Sie laufen nebeneinander die Eingangstreppe hoch. Ihre verschwommenen Doppelgänger spiegeln sich in der breiten Glasfront, und einen schwindelerregenden Moment lang sieht Adam dabei zu, wie Leo ihn ansieht, während er Spiegel!Leo ansieht. Dann öffnen sich die Türen.

Dann sind sie drin.
 

Linoleumboden quietscht unter ihren Turnschuhen. Ein paar Stimmen verstummen. Adams Mund wird trocken.

Allen Versicherungen zum Trotz wie egal ihm die Meinung anderer Leute ist, kribbelt es unter seiner Haut wie eine Millionen Ameisen. Sie sehen ihn an und er spürte ihre Blicke, ihre Fragen, ihre erhobenen Augenbrauen. Irgendwo wird getuschelt. In seiner Jackentasche vergräbt er die Fingernägel in den Handballen bis es schmerzt. Er setzt den Blick auf, den Pia immer als „dein Serienkiller-Gesicht“ bezeichnet. Er marschiert einfach geradeaus.
 

Ein paar Leute starren ihn an, aber viele sind auch zu beschäftigt, um ihm Aufmerksamkeit zu schenken. Immerhin ist das ein Polizeirevier und kein Kindergarten. Er wird nicht der schlimmste und nicht mal der abgefuckteste Fall sein, der dieses Jahr hier durchflattert. Das wiederholt er im Kopf, bis sein flatternder Puls sich wieder beruhigt.

Nicht der schlimmste. Nicht mal der abgefuckteste.
 

Sobald sich die Aufzugstüren hinter ihnen schließen, greift Leo nach seiner Hand und zieht sie behutsam aus der Tasche.

Widerspruchslos lässt Adam zu, dass Leo seine geballte Faust behutsam öffnet und seine Finger zwischen Adams schiebt. „Es gibt noch eine Regel“, sagt er leise und drückt seine Hand. „Wenn du gehen willst, dann gehen wir.“

Wir. Dann gehen wir.
 

Adam drückt zurück und atmet tief durch. Er schafft das.

Er schafft das.

„Haben sie…“ Er stockt, fährt sich mit der Zunge über die trockene Unterlippe. „Haben sie es alle gesehen?“ Seine Stimme klingt rau. Kleinlaut. „Das Video?“
 

„Nein“, sagt Leo sofort. „Nein. Nur die Leute, die es sehen mussten.“ Er zögert. „Und die Mädels.“
 

„Und du.“
 

„Und ich.“
 

Adam nickt. Das langsame Auseinandergleiten der Aufzugstüren erspart ihm eine Antwort.

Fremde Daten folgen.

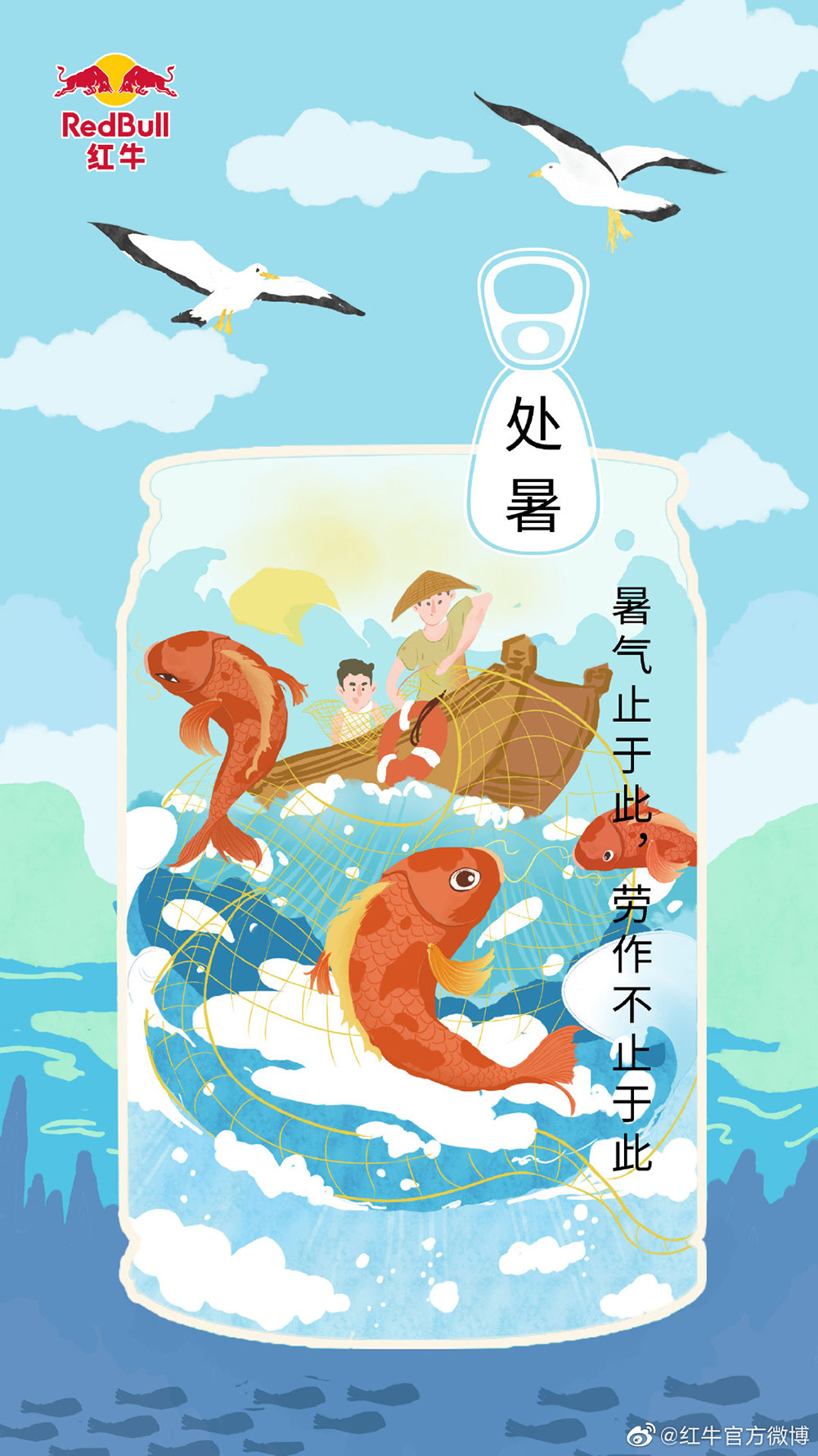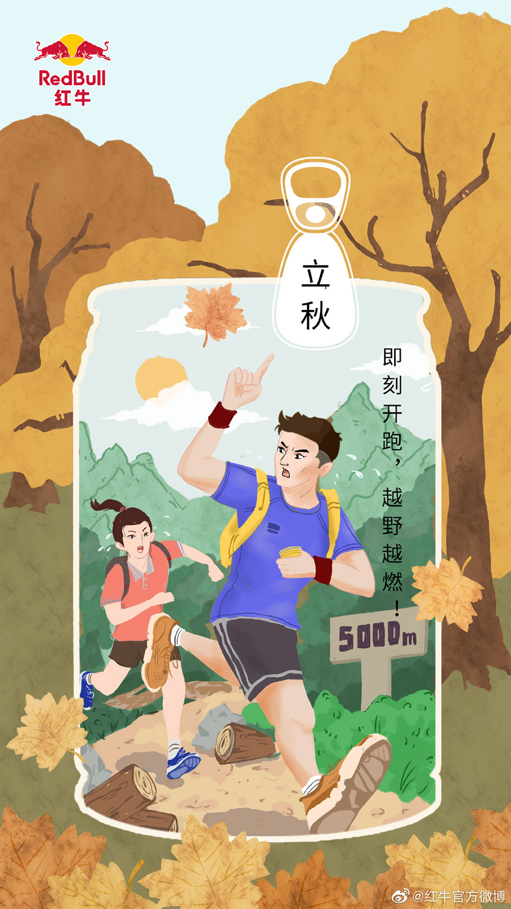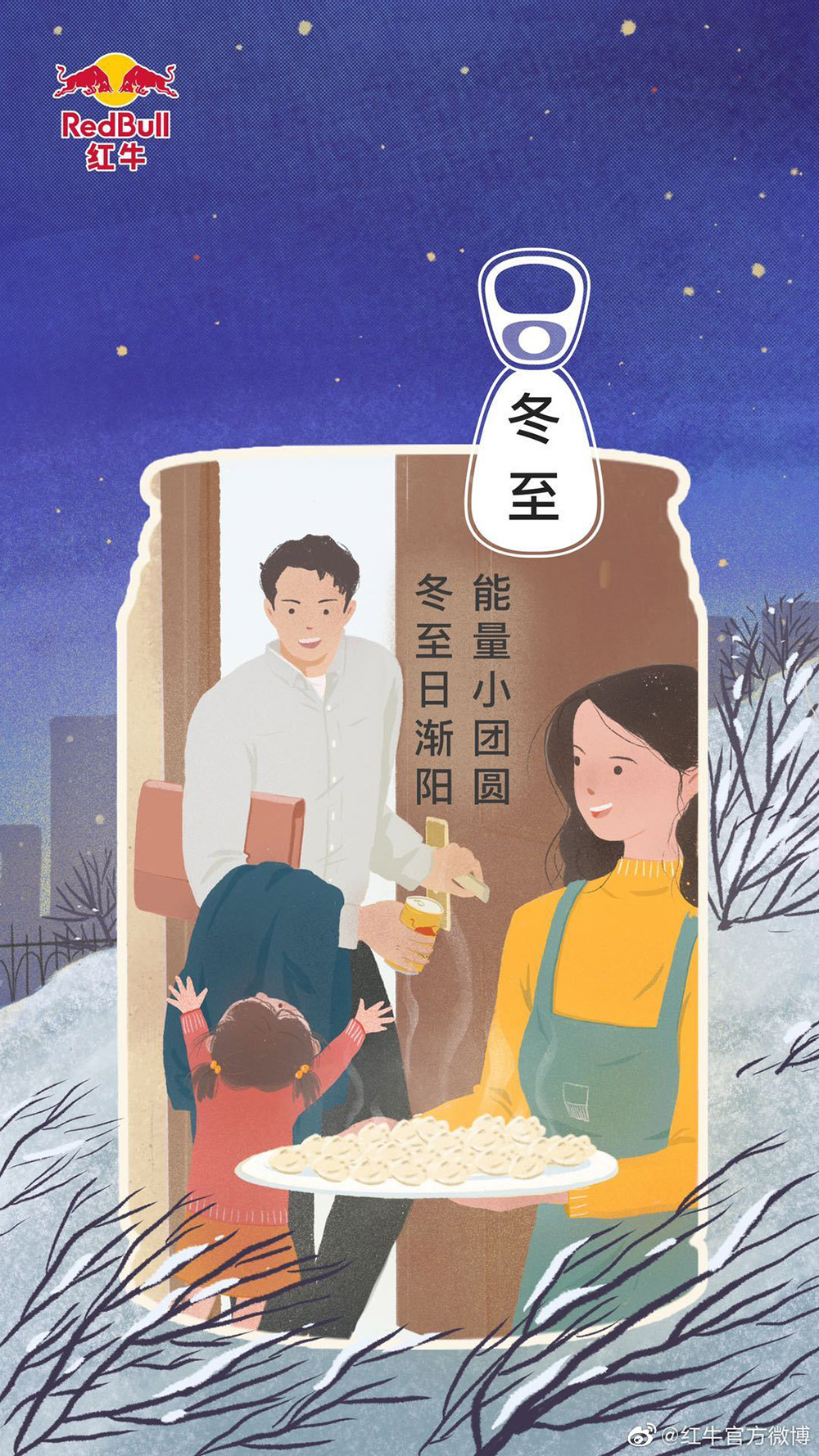 一组红牛的插画节气海报,将红牛包装的外轮廓作为贯穿整一年节气海报的特点,将插图的主要内容画在形状中,使海报的主题突出、整体性增强。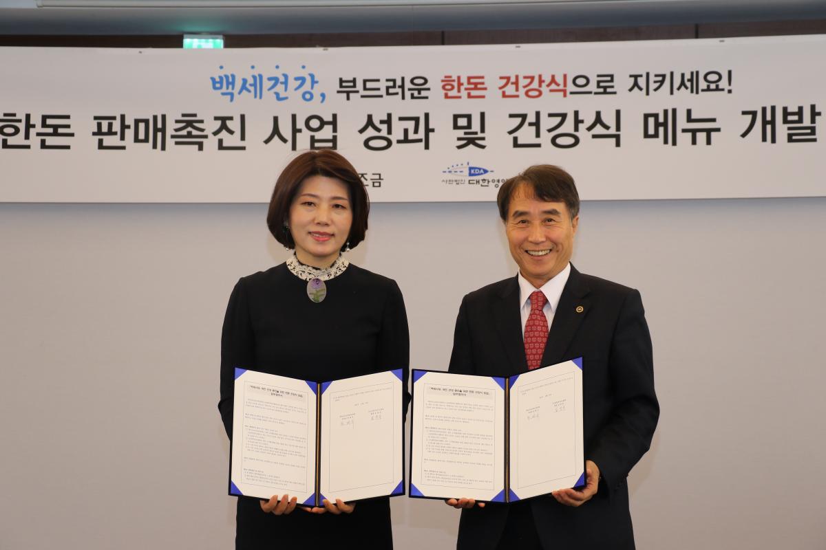 백세건강, 부드러운 한돈 건강식으로 지키세요! 한돈자조금-영양사협회, 한돈 건강식으로 실버푸드 시대 연다 한돈자조금-대한영양사협회, 13일 서울 롯데호텔서 ‘한돈 건강식 메뉴 개발 발표회’ 개최 노인, 환자 대상 한돈 건강식 메뉴 개발 ··· 고기 본연의 맛과 영양 살린 것이 특징 한돈자조금, 한돈 건강식 메뉴 대중화 통해 실버푸드 시대 열 것 한돈농가 비영리단체, 한돈자조금관리위원회(위원장 하태식)가 100세 시대를 맞아 노인건강증진과 한돈 소비활성화를 위한 고령친화 한돈 건강식 알리기에 나섰다. 한돈자조금은 13일, 대한영양사협회와 함께 서울 소공동 롯데호텔에서 ‘한돈 건강식 메뉴 개발 발표회’를 갖고 단백질 섭취가 어려운 노인, 환자, 유아를 대상으로 우리 한돈을 활용한 한돈 건강식 메뉴를 선보였다. 이 날 한돈자조금이 대한영양사협회와 함께 선보인 한돈 건강식은 우리 돼지고기 한돈을 주재료로 연화식 형태로 개발해 일반 음식과 동일한 맛과 모양을 가지고 있다. 또한 수비드 조리법(저온진공조리법)을 활용. 음식을 씹고 삼키기 편한 특징이 있어 씹는 데 불편함이 있거나 소화 기능이 약한 노인, 환자, 유아가 섭취하기 좋다. 이날 소개된 한돈건강식 메뉴는 『등심스테이크』, 『포크웰링턴』, 『한돈샐러드』 등 총 10여종에 달하며, 조리방법, 천연효소의 이용을 달리해 씹는 힘과 소화기능, 식욕이 떨어진 고령자나 환자 등이 손쉽게 고단백 영양식을 즐길 수 있게 개발됐다. 고기는 고령층이 선호하는 1위 고단백 영양식이다. 하지만 소화가 어렵고, 치아가 불편한 노인이나 유아들은 먹기 어려운 불편함이 있었다. 그러나 이러한 한돈 건강식의 개발로 누구나 쉽게 우리돼지 한돈을 즐길 수 있게 됐다. 한돈자조금 하태식 위원장은 “이번 선보이는 한돈 건강식 메뉴를 통해 노인뿐 아니라 음식 섭취가 어려운 환자나 유아, 어린이들을 비롯한 많은 사람들이 한돈의 맛과 풍미를 즐기고, 건강까지 챙길 수 있을 것으로 기대된다.”며, “앞으로도 한돈자조금은 건강식을 위한 메뉴 개발뿐만 아니라 식품기업과의 제품개발, 급식업체 메뉴 보급, 레시피 홍보 등을 통해 보다 많은 분들이 우리돼지 한돈을 보다 편하게 맛보고 즐길 수 있도록 노력하겠다.”고 말했다. 앞으로 한돈자조금은 한돈 건강식의 대중화를 위해 대한영양사협회와 업무 협약 체결에 의해 레시피 책자 배포, 영양사협회 홈페이지, 교육 사업 등을 통해 한돈 건강식의 맛과 영양을 알릴 예정이다. 한편 이러한 연화식은 인구고령화가 급속도로 진행되면서 식품시장에서 주목을 받고 있다. 농식품부와 한국농수산식품유통공사(aT)에 따르면 고령친화 식품 시장 규모는 2012년 5816억 원에서 2015년 7903억원으로 급증했다. 업계에서는 올해 실버푸드 시장규모가 1조 1000억원에 이를 것으로 전망하고 있으며, 이번 한돈 건강식 메뉴 개발로 다양한 관련 제품과 메뉴가 출시될 것으로 기대하고 있다.
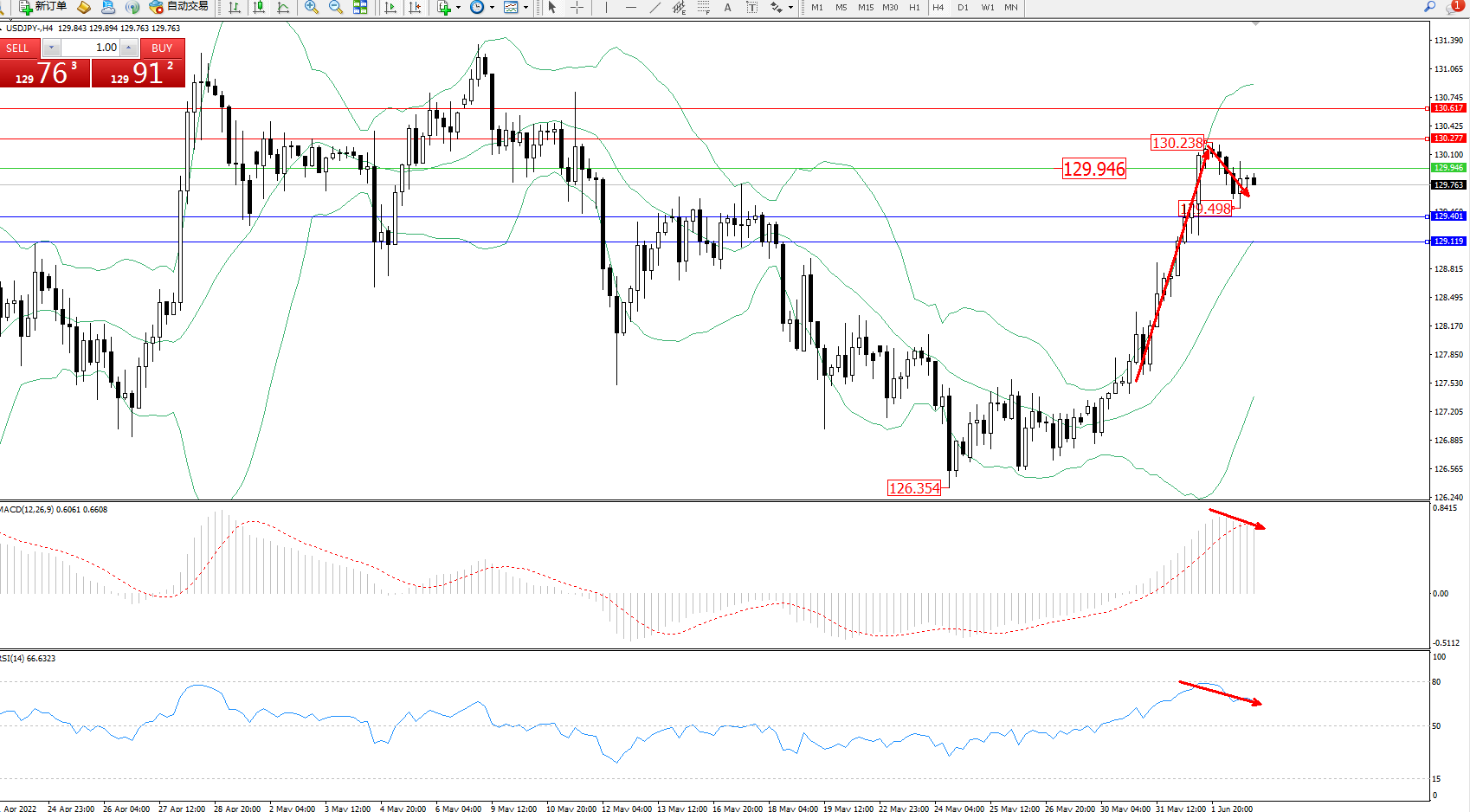 交易策略:129.946下方看跌,目标129.401、129.119

Sie halten immer noch Händchen, und Leo sieht nicht so aus, als ob er ein Problem damit hätte, einfach so durch den Flur zu laufen. Aber Adam – Adam kann nicht über seinen Schatten springen. Noch nicht. Nicht hier.

Leo war immer sein größtes Geheimnis. So viele Jahre. Die verwundbarste Stelle in seinem Herzen, von der sein Vater nie erfahren durfte und deswegen durfte es auch nie jemand anderes erfahren. Es war sicherer so. Besser so.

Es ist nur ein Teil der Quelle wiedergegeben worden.